Collected data

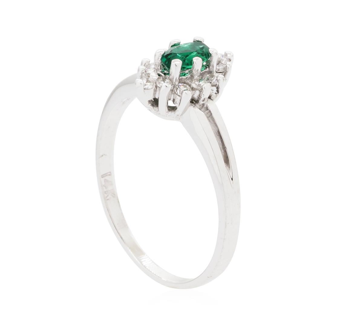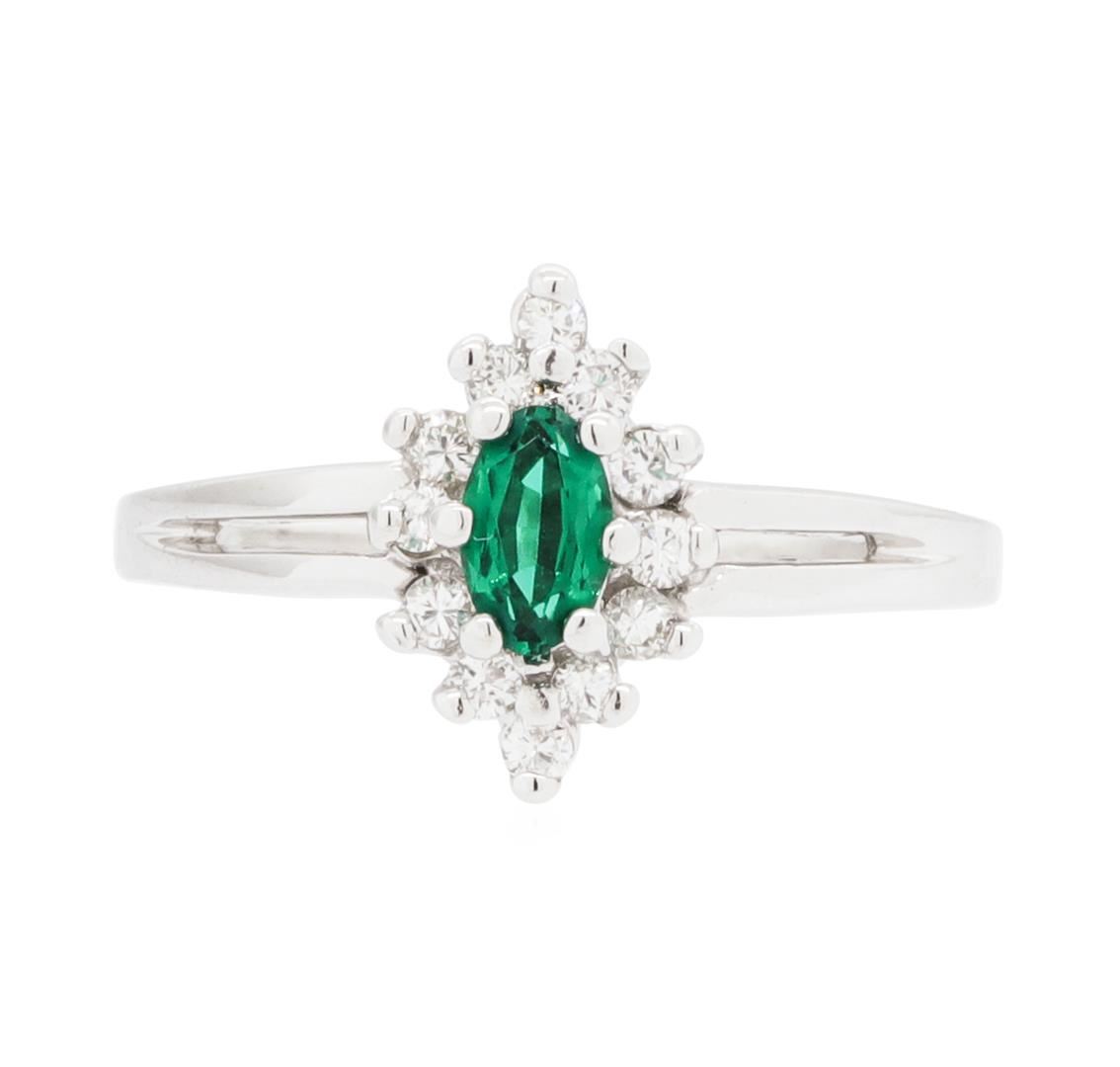 One lady's ring featuring: 14KT white gold weighing 2.3 grams containing one emerald weighing 0.30ct and diamonds weighing 0.12ctw. The ring is a size 6.
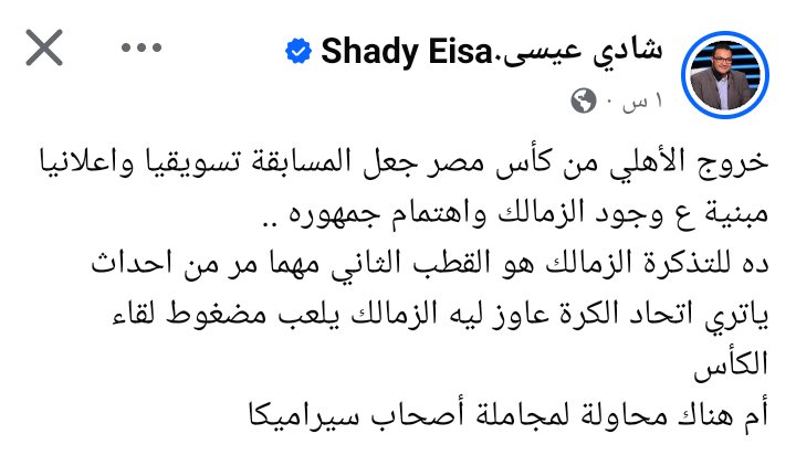خروج الأهلي من كأس مصر جعل المسابقة تسويقيا واعلانيا مبنية ع وجود الزمالك واهتمام جمهوره ..
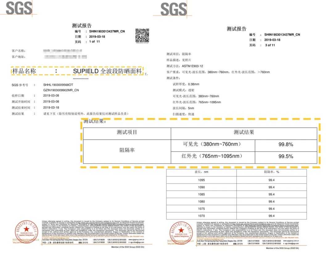 使用了专利光学面料,里面的高折光性纳米二氧化钛(TiO2),对于765nm-1095nm的红外光,阻隔率为99.5%!
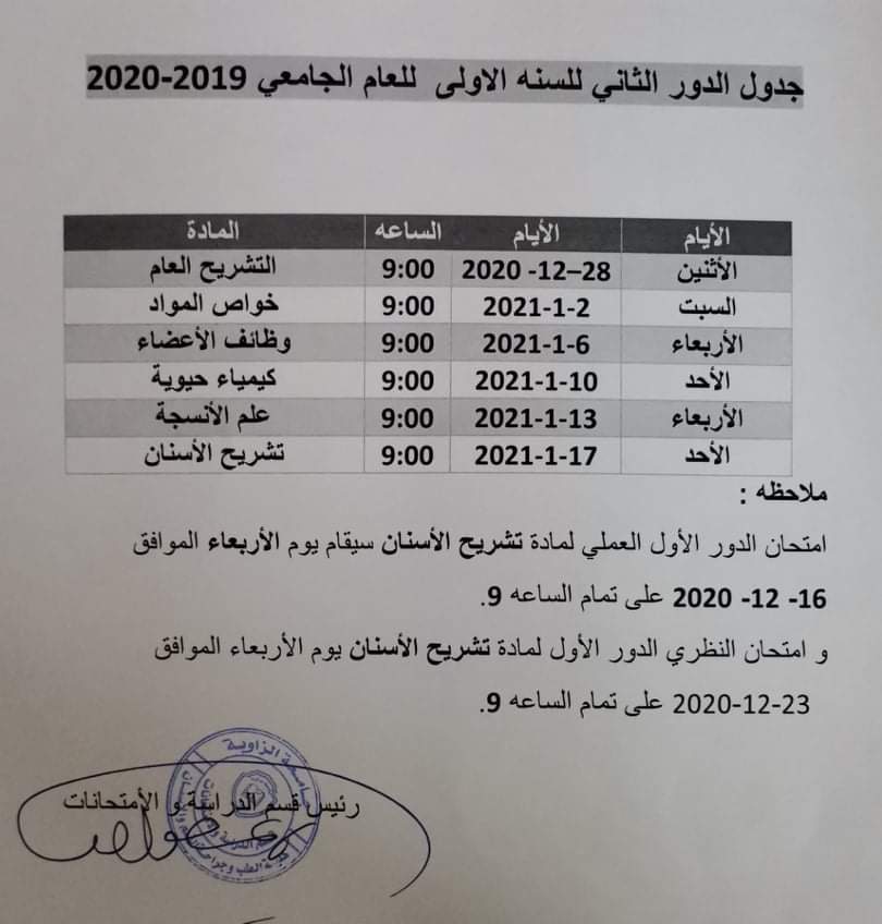 جدول امتحانات الدور الثاني للسنه الأولى والاعداديات الطبية للعام الجامعي 2019 - 2020
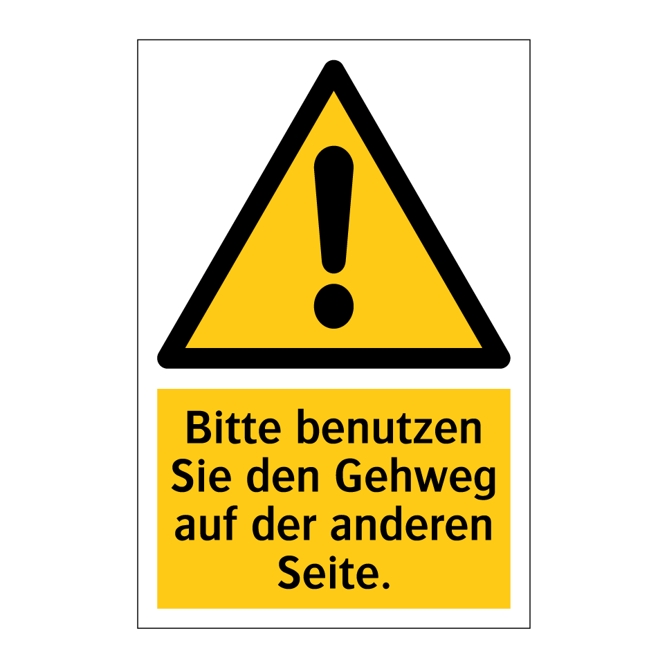 Warnschild mit dem Text Bitte benutzen Sie den Gehweg auf der anderen Seite.
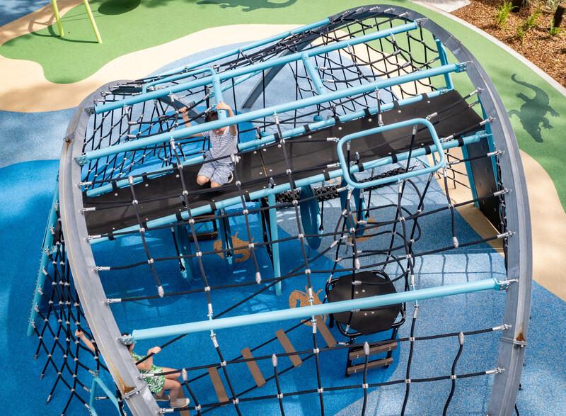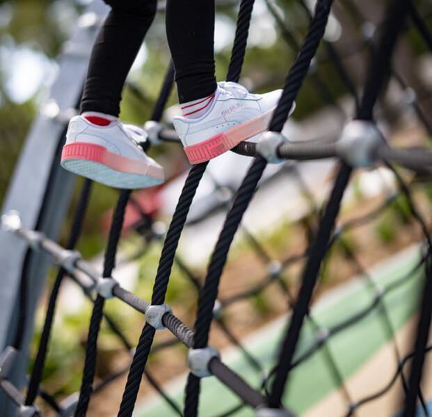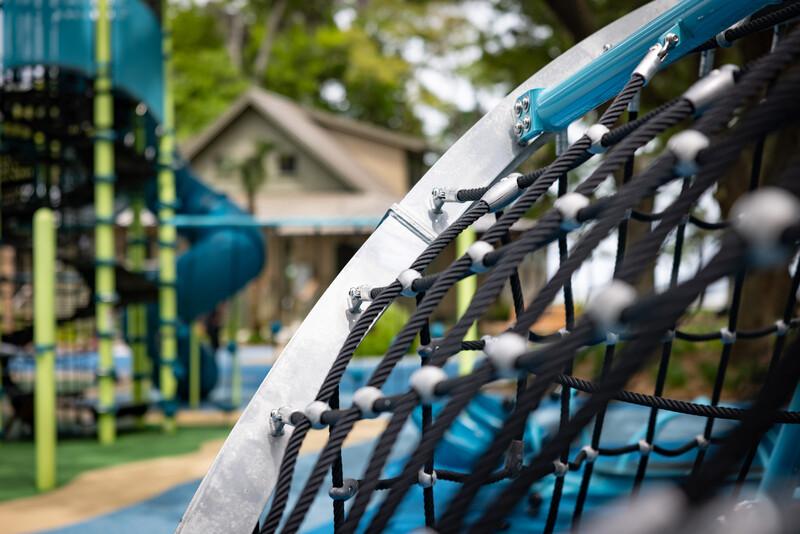 [video: camera zooms in on cable and Landscape Structures logo imprinted on the clamps of Crab Trap net climbing structure.]
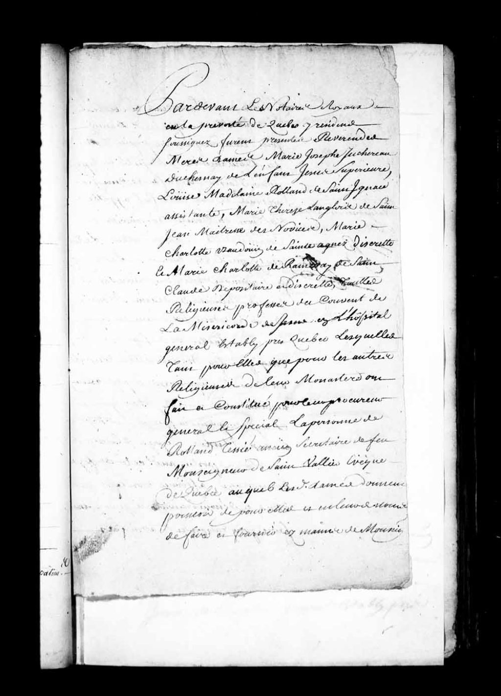 - Aveu et dénombrement du sieur Rolland Tessier, ancien secrétaire de feu Monseigneur de Saint-Vallier, évêque de Québec, fondé de la procuration spéciale des Dames Supérieures assistantes du Couvent de la Miséricorde de Jésus de l'Hôpital général, pour le fief de cent six arpents de terre en superficie vulgairement dit la "Terre des Récollets" et pour le fief et comté d'Orsainville
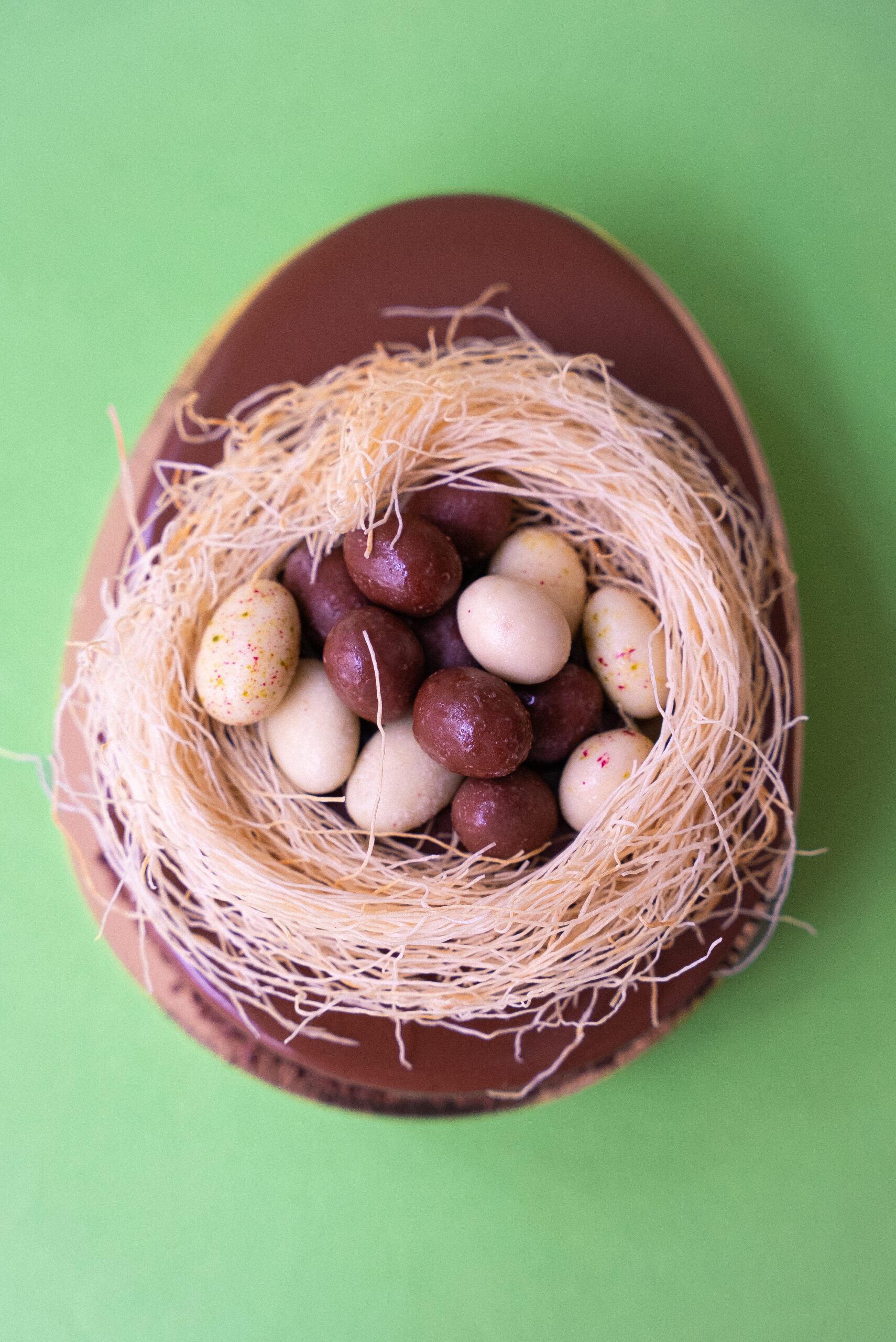 Ingrédients : pâte à PISTACHE 32% (PISTACHES, sucre, huile de PISTACHE), CRÈME, glaçage (sucre, graisse végétale totalement hydrogénée (noix de coco, palmiste), poudre de LAIT écrémé, émulsifiant : lécithine de SOJA), nouille kadaïf (eau, farine de BLÉ dur), chocolat (sucre, pâte de cacao, beurre de cacao, NOISETTES, poudre de LAIT entier, poudre de LAIT écrémé, émulsifiant : lécithine de SOJA, arôme naturel de vanille), pâte à PISTACHE (PISTACHES, sucre, eau, arôme, colorants : E141, E161bii, humectant : E422, émulsifiant : E414, antioxydants : E307, E304, acide ascorbique, acidifiant : E500), LAIT, ŒUF, sucre, jaune d’ŒUF, BEURRE, farine de BLÉ, gélatine (bovine), sucre inverti, poudre d’AMANDE, huile de pépin de raisin, cacao en poudre, pâte de cacao, eau, levure, PISTACHES, sel, vanille en poudre.
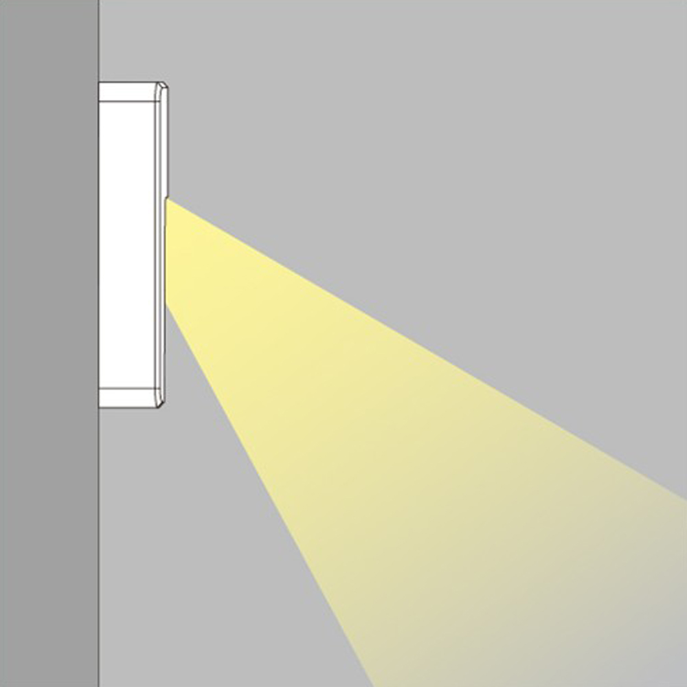 下照式的配光使LED光源具有方向性,防止向上光,提供 均質柔和的照明。可安裝於牆面、樓梯、陽台照明提供引導照明使用。

_WORK INSTRUCTION_.
Your answer should be every line above, written out exactly, with no pictures.

_WRITTEN REPLY_.
 One lady's ring featuring: 14KT white gold weighing 2.3 grams containing one emerald weighing 0.30ct and diamonds weighing 0.12ctw. The ring is a size 6.
خروج الأهلي من كأس مصر جعل المسابقة تسويقيا واعلانيا مبنية ع وجود الزمالك واهتمام جمهوره ..
 使用了专利光学面料,里面的高折光性纳米二氧化钛(TiO2),对于765nm-1095nm的红外光,阻隔率为99.5%!
 جدول امتحانات الدور الثاني للسنه الأولى والاعداديات الطبية للعام الجامعي 2019 - 2020
 Warnschild mit dem Text Bitte benutzen Sie den Gehweg auf der anderen Seite.
 [video: camera zooms in on cable and Landscape Structures logo imprinted on the clamps of Crab Trap net climbing structure.]
 - Aveu et dénombrement du sieur Rolland Tessier, ancien secrétaire de feu Monseigneur de Saint-Vallier, évêque de Québec, fondé de la procuration spéciale des Dames Supérieures assistantes du Couvent de la Miséricorde de Jésus de l'Hôpital général, pour le fief de cent six arpents de terre en superficie vulgairement dit la "Terre des Récollets" et pour le fief et comté d'Orsainville
 Ingrédients : pâte à PISTACHE 32% (PISTACHES, sucre, huile de PISTACHE), CRÈME, glaçage (sucre, graisse végétale totalement hydrogénée (noix de coco, palmiste), poudre de LAIT écrémé, émulsifiant : lécithine de SOJA), nouille kadaïf (eau, farine de BLÉ dur), chocolat (sucre, pâte de cacao, beurre de cacao, NOISETTES, poudre de LAIT entier, poudre de LAIT écrémé, émulsifiant : lécithine de SOJA, arôme naturel de vanille), pâte à PISTACHE (PISTACHES, sucre, eau, arôme, colorants : E141, E161bii, humectant : E422, émulsifiant : E414, antioxydants : E307, E304, acide ascorbique, acidifiant : E500), LAIT, ŒUF, sucre, jaune d’ŒUF, BEURRE, farine de BLÉ, gélatine (bovine), sucre inverti, poudre d’AMANDE, huile de pépin de raisin, cacao en poudre, pâte de cacao, eau, levure, PISTACHES, sel, vanille en poudre.
 下照式的配光使LED光源具有方向性,防止向上光,提供 均質柔和的照明。可安裝於牆面、樓梯、陽台照明提供引導照明使用。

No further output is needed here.